I have a dataframe with columns:
import pandas as pd
import numpy as np
df = pd.DataFrame({
'A': [False, True, False, False, False, False, True, True, False, True],
'B': [True, False, False, False, True, True, False, False, False, False ]
})
df
A B
0 False True
1 True False
2 False False
3 False False
4 False True
5 False True
6 True False
7 True False
8 False False
9 True False
How to identify and mark the first occurrence that has [True - False]
after encountering a [False - False]
value pair?
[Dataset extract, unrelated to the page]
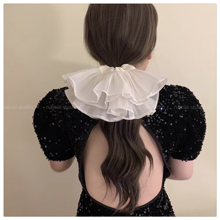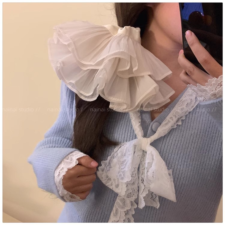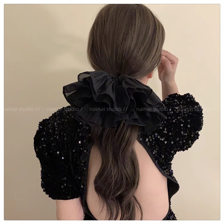 ¡Alta calidad y tamaño super grande! Falda colgante collar de cabello plegado doble cuerda de encaje alta sensación cuerda de cabello bolas mujeres

Every row that satisfies this condition needs to be flagged in a new column.
In the example above, [3 False False]
is followed by [6 True False]
and also, [8 False False]
is followed by [9 True False]
.
These are the only valid solutions in this example.
You could use:
# identify start of group
m1 = df.eq([False, False]).all(axis=1)
# condition
m2 = df.eq([True, False]).all(axis=1)
# form groups
group = m1.cumsum()
# keep only rows with valid condition and after a start of group
# get the first value per group
idx = m2[m2 & (group>0)].groupby(group).idxmax().tolist()
# variant
# idx = m2.index.to_series()[m2 & (group>0)].groupby(group).first().tolist()
# assign flag
df.loc[idx, 'flag'] = 'X'
Output:
A B flag
0 False True NaN
1 True False NaN
2 False False NaN
3 False False NaN
4 False True NaN
5 False True NaN
6 True False X
7 True False NaN
8 False False NaN
9 True False X
Intermediates:
A B m1 m2 group flag
0 False True False False 0
1 True False False True 0
2 False False True False 1
3 False False True False 2
4 False True False False 2
5 False True False False 2
6 True False False True 2 X
7 True False False True 2
8 False False True False 3
9 True False False True 3 X
Variant without groupby
:
# identify start of groups
m1 = df.eq([False, False]).all(axis=1)
# condition
m2 = (df.eq([True, False]).all(axis=1)
& m1.cummax()
)
# form groups
group = m1.cumsum()
idx = group[m2].drop_duplicates().index
# assign flag
df.loc[idx, 'flag'] = 'X'